**Exercise:** From the line containing "Indian Army Infantry" through the last line of the records below, output every line exactly, both ends included, except the pictures.

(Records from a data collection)
-*-*-

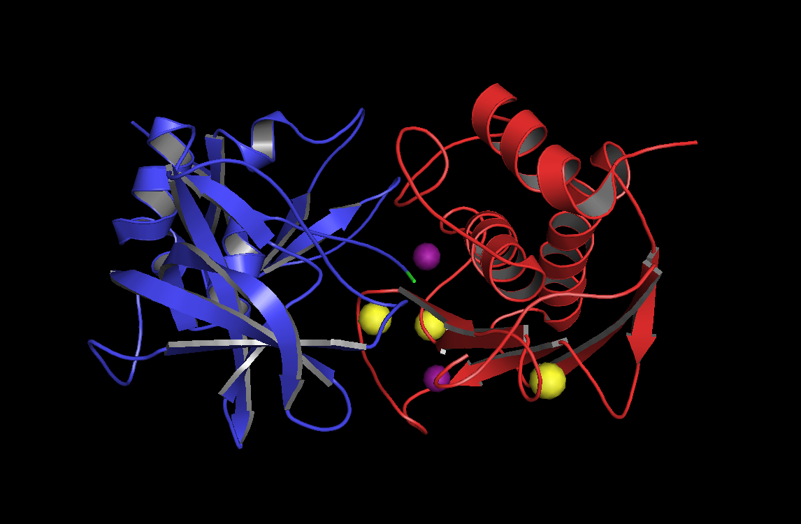 Structure of TIMP-1 in complex with MMP-3. Based on PyMOL rendering of PDB 1UEA.
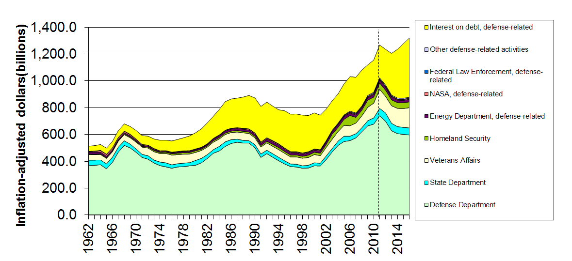 This graph shows the inflation-adjusted defense spending of the United States federal government from 1962 to (forecasted) 2014. It is derived from the FY2012 "President's budget" Historical tables (Table 3.2—OUTLAYS BY FUNCTION AND SUBFUNCTION: 1962–2014), adjusted using CPI inflation data.
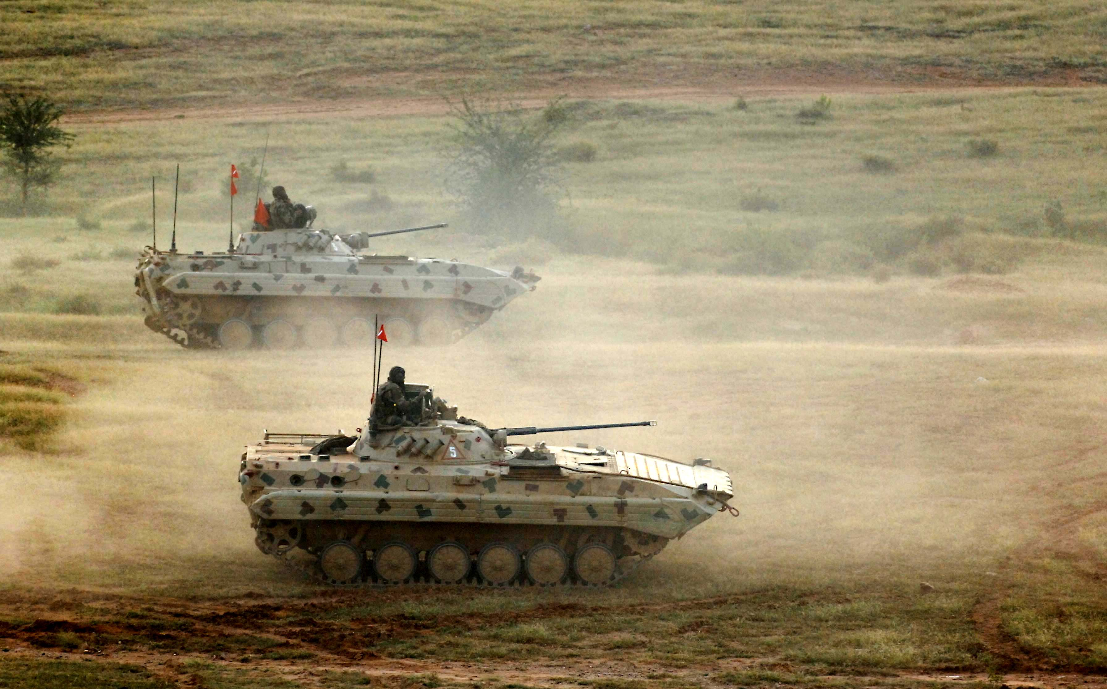 Indian Army Infantry Combat Vehicles move onto the firing range at Camp Bundela, India Oct. 26, 2009. Soldiers from the 2nd Squadron, 14th Cavalry Regiment, based out of Hawaii traveled with 17 of their Strykers to India for two weeks to train with the Indian army.
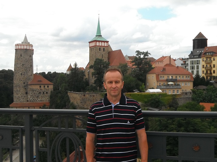 Dragan Djokanovic in Budysin
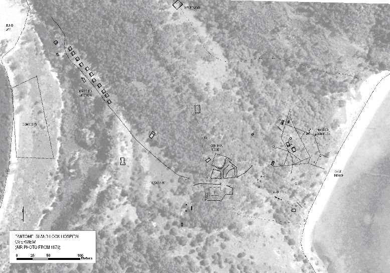 Fantome Island - aerial 2 (2012), lock hospital
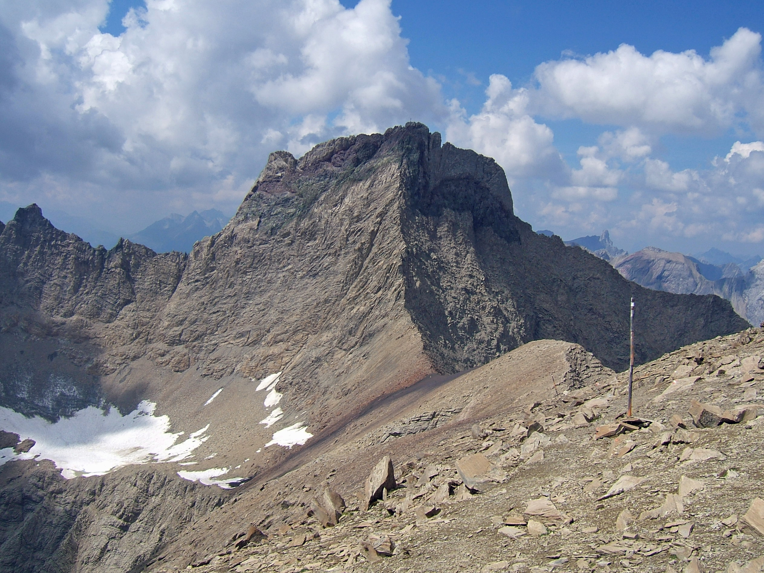 Parseierspitze von Osten, vom Gatschkopf, links die Reste des Grinner Ferners

-*-*-

**Result of the exercise:**
 Indian Army Infantry Combat Vehicles move onto the firing range at Camp Bundela, India Oct. 26, 2009. Soldiers from the 2nd Squadron, 14th Cavalry Regiment, based out of Hawaii traveled with 17 of their Strykers to India for two weeks to train with the Indian army.
 Dragan Djokanovic in Budysin
 Fantome Island - aerial 2 (2012), lock hospital
 Parseierspitze von Osten, vom Gatschkopf, links die Reste des Grinner Ferners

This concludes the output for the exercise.